Шарль Обрей, оставшись один, пошел по указанной дороге, и, дойдя до западной стороны, которая была ниже других, потому что тут в былое время Квадратный Дом соединялся с Касбахом, он поднялся на десять ступеней и очутился в той части террасы, которая вела в его комнаты. На веранде два негра, присев неподвижно, как бронзовые статуи, ожидали его возвращения. Но разнообразные волнения, испытанные им в этот вечер, не располагали его ко сну, и, облокотившись на балюстраду веранды, он несколько часов предавался мечтам.
Когда ночная свежесть заставила его подумать о сне, он заметил, повернувшись, чтобы пройти в свою спальню, Хоаквина, стоявшего в нескольких шагах от него.
– Вы давно здесь? – спросил доктор с удивлением.
– Около часа; я не хотел мешать вашим размышлениям. Эль-Темин освободил меня от должности мажордома, удвоил мое жалованье и приказал исключительно служить вам. Я теперь к вашим услугам.
– Хорошо, сеньор Хоаквин, вы вернулись к вашим учительским занятиям… Завтра я начну учиться у вас арабскому языку.
ЧАСТЬ ВТОРАЯnote 4Note4
Очерк этот относится к 80-м годам истекшего века и в настоящее время значительно устарел (Прим. Ред.).

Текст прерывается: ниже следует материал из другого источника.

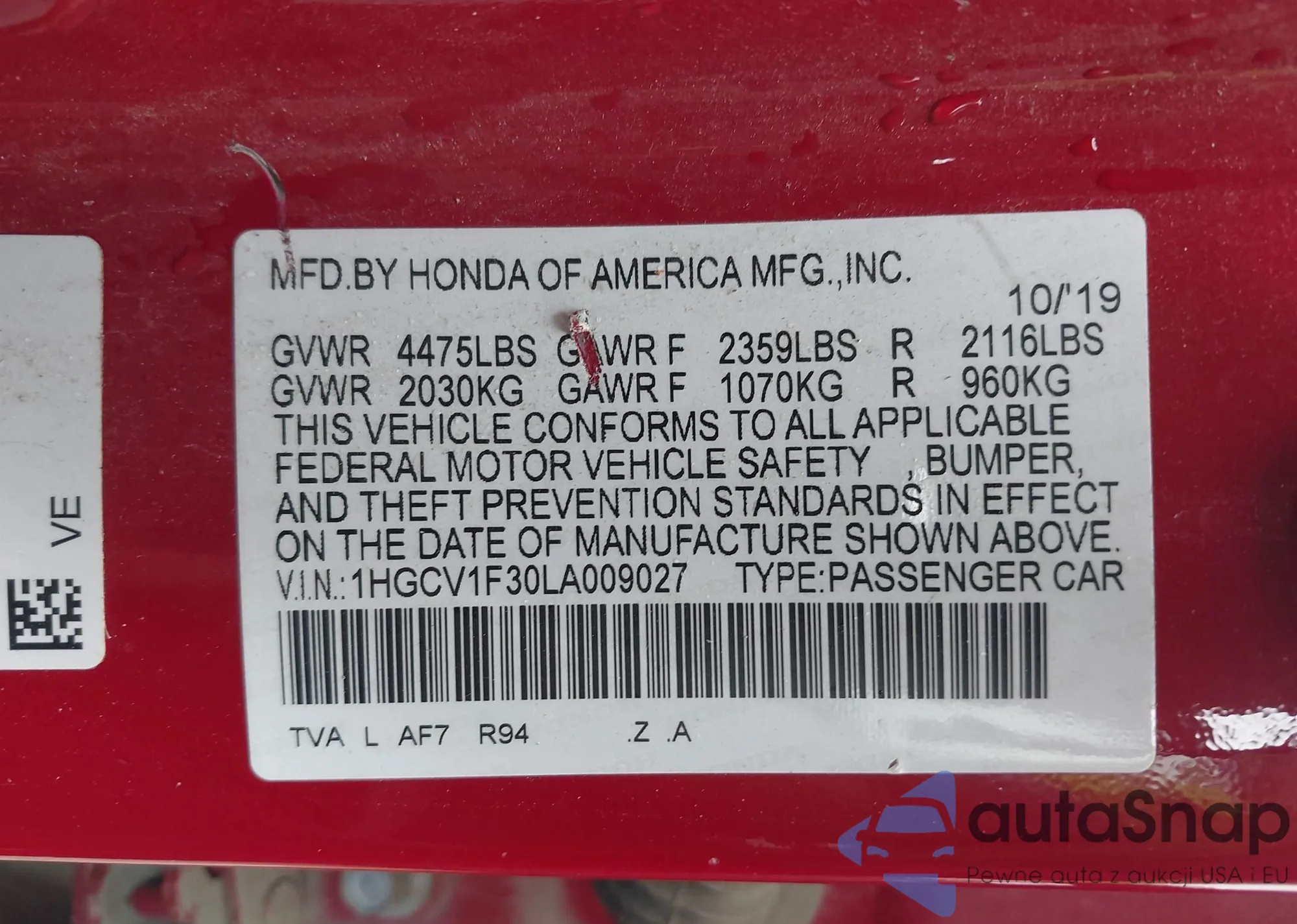 VIN: 1HGCV1F30LA009027

[Закрыть].МАРОККО ЭТНОГРАФИЧЕСКИЙ И АНЕКДОТИЧЕСКИЙ
Мавритания древних, ныне Марокканская империя, есть обширная территория в северной Африке, в шестьсот семьдесят две тысячи триста квадратных километров. На всем этом пространстве насчитывается до восьми миллионов жителей!

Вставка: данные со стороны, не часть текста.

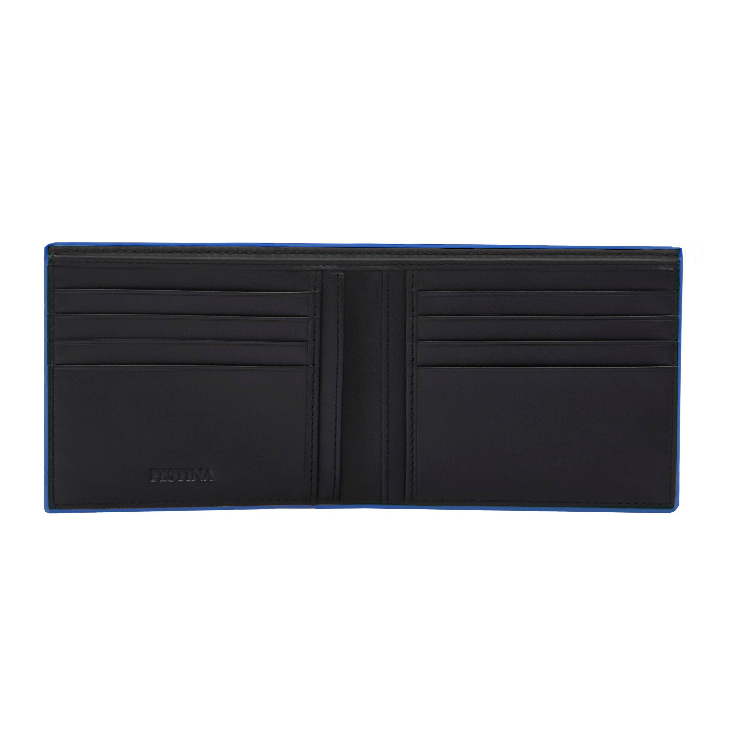 Контрастните кантове в наситено син цвят придават модерна визия и подчертават изчистената естетика. Портфейлът разполага с осем слота за карти, четири странични отделения и просторно отделение за банкноти, разделено на две части – за максимална практичност и отлична организация. Перфектен избор за корпоративен подарък, съчетаващ функционалност и престиж

Ее ограничивает к западу Атлантический океан, к северу – Гибралтарский пролив и Средиземное море, к северо-западу – Алжирия и юго-западу – Сахара.
Определить в точности ее границы было бы довольно трудно; они часто изменялись и могут еще измениться, смотря по темпераменту, а главное, по степени могущества ее государей.

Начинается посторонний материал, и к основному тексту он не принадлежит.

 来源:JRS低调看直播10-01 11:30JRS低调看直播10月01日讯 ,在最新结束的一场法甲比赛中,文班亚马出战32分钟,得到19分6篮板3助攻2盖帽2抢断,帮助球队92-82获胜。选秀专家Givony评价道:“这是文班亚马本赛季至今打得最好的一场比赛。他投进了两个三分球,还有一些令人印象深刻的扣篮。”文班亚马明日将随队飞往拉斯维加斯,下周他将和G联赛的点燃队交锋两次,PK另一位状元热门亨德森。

То, что римляне называли Тингитанской Мавританией, теперь составляет северную часть Марокко; в южной части она заходила далее территории Фец, и притом эта последняя была мало ценима, чтобы не сказать прямо пренебрегаема властелинами мира. Долго разделенная на два отдельных королевства, эта африканская область нашла единство в первый раз только в могущественных руках двух берберийских владычеств; новое разделение в последующих династиях опять разбило ее на два королевства – Фец и Марокко: но в первых годах XV столетия единство снова восстановилось и нарушалось только временно междоусобными раздорами.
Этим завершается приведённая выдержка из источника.